Sunday, March 30, 2014

Sermon Notes on John 9 (read with column notes, perhaps)

The telephone rang in the office recently. The voice on the other end was from Indiana. His long-troubled marriage was moving into separation and in all likelihood, divorce. How did we get from where we were happy to this, he wondered? This long long story strikes me as a cri de coeur from John and his reading group  of what went wrong  in their emergence within Judaism. It is a story of an impending divorce, between two  facets of an ancient faith, I think. It plays around with sight and blindness as it concludes that it is a matter of seeing things in a certain light and an inability to see things as well.
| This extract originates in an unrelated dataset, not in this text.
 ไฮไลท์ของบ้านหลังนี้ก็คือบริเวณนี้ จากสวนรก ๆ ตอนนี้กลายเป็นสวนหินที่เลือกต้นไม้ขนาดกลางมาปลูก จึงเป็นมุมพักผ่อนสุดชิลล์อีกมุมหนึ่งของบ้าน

When presented with a blind man, the disciples see the issue clearly. The disciples right away take the stance that someone has to be to blame for misfortune. They link it directly to punishment for sin. God must be punishing the blind man and his family, no? Centuries after the book of Job they have not progressed one inch from the position of the friends of job or in our time people who blame illness on thinking positively, as if germs and virus do not exit.Notice that Jesus will not even begin to countenance their question. Instead, he proceeds to move the person toward healing. Let the question linger here. Are the disciples blind about suffering in their midst. What do we see and not notice about suffering in our world?
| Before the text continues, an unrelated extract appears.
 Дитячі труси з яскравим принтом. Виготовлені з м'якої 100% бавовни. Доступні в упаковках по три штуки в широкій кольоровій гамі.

Here Jesus does not heal with a word but with medicine. The ointment is interesting.something that would blind us is used as the vehicle for sight. In the face of the blindness of the disciples Jesus calls himself the light of the world. Yet, light cannot help the blind.His cured blindness will be a vehicle to see the reality of a god who wants healing not punishment.

The reaction of the religious leaders reminds me a bit of a few of the people we feed who complain about the portions or the variety of food. Faced with a miracle, they begin an inquisition that spreads out, as they are wont to do. it also becomes quite a comic parody of an investigation as the investigators are left further and further in the dark.As Bruce Springsteen would say, they were blinded by the light, in this case, the light of the world bringing sight to the blind.
While the man is healed of blindness it takes him a while to come to the blinding realization of the reality of Jesus.Physical sight has come to him, but spiritual insight seems to take time, even as it starts in a blinding flash of revelation.It seems to me that we accuse others of being blind when they do not agree with us. Don;t you see? why can't you see my point? Paul Mccartney struggled with the issue in We Can Work It Out. sometimes blindness is a sign of incapacity or perhaps inability or unwillingness to  see something as it is just too painful to contemplate. Springsteen sang I would rather be blind that to see you with your man.

God is able to see past the disappointment with Saul and the expectation for a king for what it was. god looks past appearance and age to select David. One of the attributes of God is to see clearly where we cannot. god can perceive light within the deepest darkness.

We can view so much. CAT scans peer into our bodies. We are not nearly as adept at seeing to into the motivations and viewpoints of others.Mostly we grumble at how they can be so blind not to see things our way. (see judge not book). John Calvin famously called Scripture to be a glasses. It gives us  a way to look at ourselves and each other with fresh eyes.